Spark is a fast and general cluster computing system for Big Data. It provides high-level APIs in Scala, Java, Python, and R, and an optimized engine that supports general computation graphs for data analysis. It also supports a rich set of higher-level tools including Spark SQL for SQL and DataFrames, MLlib for machine learning, GraphX for graph processing, and Spark Streaming for stream processing.

http://spark.apache.org/

Online Documentation

You can find the latest Spark documentation, including a programming guide, on the project web page. This README file only contains basic setup instructions.

Building Spark

Spark is built using Apache Maven. To build Spark and its example programs, run:

build/mvn -DskipTests clean package

(You do not need to do this if you downloaded a pre-built package.)

You can build Spark using more than one thread by using the -T option with Maven, see "Parallel builds in Maven 3". More detailed documentation is available from the project site, at "Building Spark".

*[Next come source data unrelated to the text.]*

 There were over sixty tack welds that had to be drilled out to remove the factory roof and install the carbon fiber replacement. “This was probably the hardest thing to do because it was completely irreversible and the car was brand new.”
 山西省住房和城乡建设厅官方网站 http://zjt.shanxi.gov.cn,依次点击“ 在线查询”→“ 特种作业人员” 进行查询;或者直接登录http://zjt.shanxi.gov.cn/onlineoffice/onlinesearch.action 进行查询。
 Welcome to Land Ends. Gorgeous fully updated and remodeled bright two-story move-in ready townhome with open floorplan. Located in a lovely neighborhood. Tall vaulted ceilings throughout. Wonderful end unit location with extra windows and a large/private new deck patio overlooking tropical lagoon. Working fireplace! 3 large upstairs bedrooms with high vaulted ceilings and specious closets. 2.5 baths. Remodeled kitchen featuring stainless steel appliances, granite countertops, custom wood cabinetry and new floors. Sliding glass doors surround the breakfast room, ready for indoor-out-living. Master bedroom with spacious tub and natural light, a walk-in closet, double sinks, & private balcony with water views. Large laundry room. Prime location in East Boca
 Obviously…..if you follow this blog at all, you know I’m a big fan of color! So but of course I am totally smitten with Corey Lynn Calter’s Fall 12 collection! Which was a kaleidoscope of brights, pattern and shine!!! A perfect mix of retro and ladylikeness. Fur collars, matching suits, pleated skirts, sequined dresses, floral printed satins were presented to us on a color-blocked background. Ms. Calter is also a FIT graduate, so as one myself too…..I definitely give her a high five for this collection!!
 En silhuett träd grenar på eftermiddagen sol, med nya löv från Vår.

For general development tips, including info on developing Spark using an IDE, see "Useful Developer Tools".

Interactive Scala Shell

The easiest way to start using Spark is through the Scala shell:

./bin/spark-shell

Try the following command, which should return 1000:

scala> sc.parallelize(1 to 1000).count()

Interactive Python Shell

Alternatively, if you prefer Python, you can use the Python shell:

./bin/pyspark

And run the following command, which should also return 1000:

>>> sc.parallelize(range(1000)).count()

Example Programs

Spark also comes with several sample programs in the examples directory. To run one of them, use ./bin/run-example <class> [params]. For example:

./bin/run-example SparkPi

will run the Pi example locally.

You can set the MASTER environment variable when running examples to submit examples to a cluster. This can be a mesos:// or spark:// URL, "yarn" to run on YARN, and "local" to run locally with one thread, or "local[N]" to run locally with N threads. You can also use an abbreviated class name if the class is in the examples package. For instance:

MASTER=spark://host:7077 ./bin/run-example SparkPi

Many of the example programs print usage help if no params are given.

Running Tests

Testing first requires building Spark. Once Spark is built, tests can be run using:

./dev/run-tests

Please see the guidance on how to run tests for a module, or individual tests.

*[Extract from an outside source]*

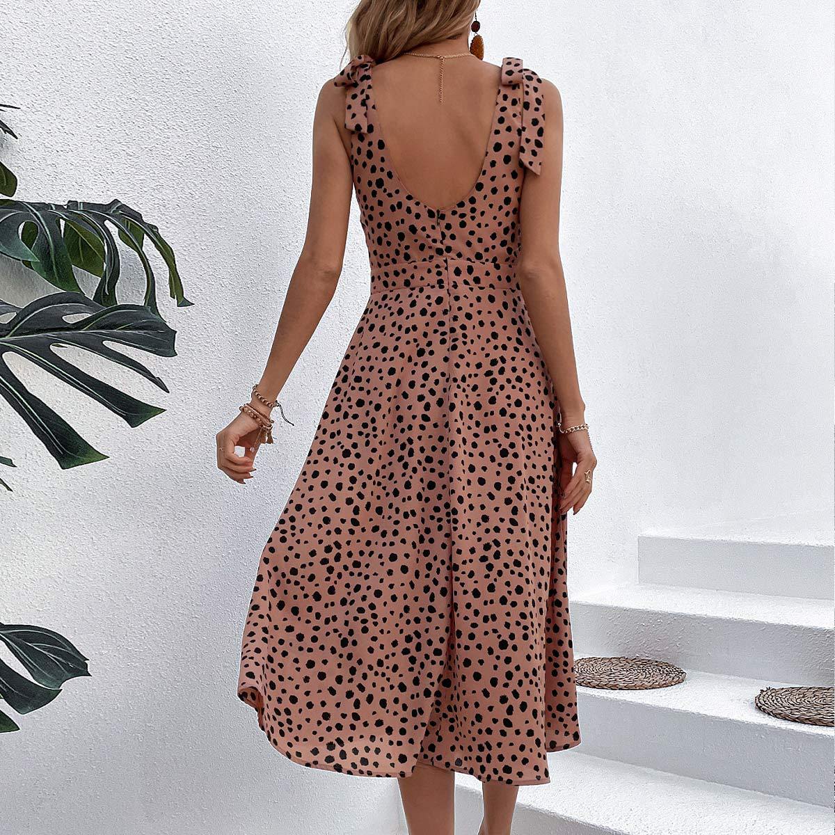 This summer, stay effortlessly stylish in the Esther Dot Print Midi Dress. Crafted from lightweight polyester fabric, this casual midi dress features an elegant dot print, backless design, and adjustable lace-up front. The flattering A-line silhouette and pink hue make it perfect for warmer days. Look and feel your best at the beach or summer gatherings.

A Note About Hadoop Versions

Spark uses the Hadoop core library to talk to HDFS and other Hadoop-supported storage systems. Because the protocols have changed in different versions of Hadoop, you must build Spark against the same version that your cluster runs.

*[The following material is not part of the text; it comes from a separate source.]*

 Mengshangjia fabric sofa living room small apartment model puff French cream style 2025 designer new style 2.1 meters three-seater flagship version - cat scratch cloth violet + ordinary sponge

Please refer to the build documentation at "Specifying the Hadoop Version" for detailed guidance on building for a particular distribution of Hadoop, including building for particular Hive and Hive Thriftserver distributions.

Configuration

Please refer to the Configuration Guide in the online documentation for an overview on how to configure Spark.

## Contributing

Please review the Contribution to Spark guide for information on how to get started contributing to the project.